Manziuk spent twenty minutes sorting and filing papers. At last, he took his battered hat from its hook (straw for summer—he hated to wear it, but the small bald spot on the top of his head had been burned by the sun once, and once was one time too many) and barged out of his office through the adjoining room. As before, the atmosphere became quiet and efficient.
When he reached the elevator on the wall opposite his office, he pressed the down button, waited until the doors slid apart,
and then turned to the people in the office. “It’s all right,” he spoke gruffly. “You’re allowed to breathe again.”
On the second floor of the recently refurbished but still old police headquarters, newly promoted Jacqueline Ryan sat in the center of a desk swinging both shapely brown legs and laughing with her friend, Constable Beverly Champion, Vice Squad, a ten-year veteran and mother of two young sons. “So, what do you think, Bev? Should I celebrate by a night on the town or a new outfit?”
Bev laughed. “How about a new outfit to wear for a night on the town?”
“Mmm. Not a bad idea.”
“Have you told your family yet?”
“Yep. Told them at supper last night.”
“They must have been so pleased!”
“They think I’m nuts!” Jacquie’s normally musical alto changed to a shrill soprano, “What girl in her right mind would want to go around investigating murders?” A mezzo-soprano, “Why don’t you just find a good man and settle down?” A firm contralto, “What do you think you’ll do if you have to go after a murderer?” A threatening bass, “And what will you do if the murderer goes after you?”
“It must be fun having your aunts and grandmother and cousins all living close by.”

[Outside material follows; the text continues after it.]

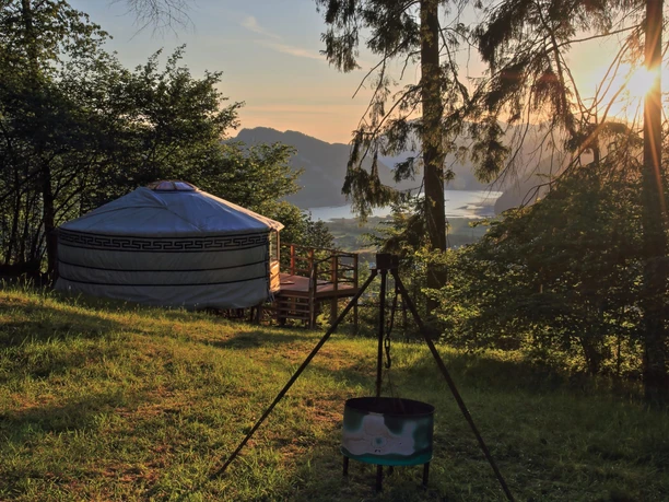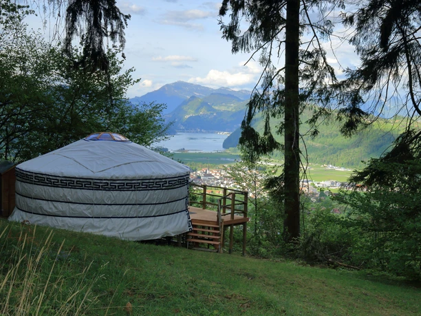 Die runde Form und das warme Ambiente in der Jurte geben dir das Gefühl von Ruhe und Geborgenheit. Die herrliche Umgebung und die fantastische Aussicht auf Vierwaldstättersee, Stanserhorn, Rigi und den Pilatus runden das besondere Jurten Erlebnis ab.

“Fun? You think it’s fun? Girl, you need to see more of life!” In one swift, graceful motion, Jacquie jumped off the desk and began to pace the small cubicle. “But, seriously, I do have one very real concern. Manziuk.”
“Detective Inspector Manziuk?”
“I hear he’s a terror to work with.” Jacquie’s mobile face twisted into a scowl.

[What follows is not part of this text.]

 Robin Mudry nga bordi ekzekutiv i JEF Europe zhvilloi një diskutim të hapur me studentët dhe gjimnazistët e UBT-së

Bev’s reply was cautious. “I’ve heard he doesn’t miss anything. He hates laziness.”
Jacquie continued to pace the tiny area, using her hands to punctuate each sentence. “What I’ve heard is he comes down like a ton of bricks on anybody who makes a mistake. And you know what else? He reminds me of a teacher I had in grade six. Big man, stomach the size of an oven, never so much as a hint of a smile. Hey, we thought if he ever did smile, he might literally crack his face. Well, that’s who Manziuk reminds me of.” Jacquie paused to arrange her features into a deadpan, chin thrust out, lips in a thin line, eyes cold and hard.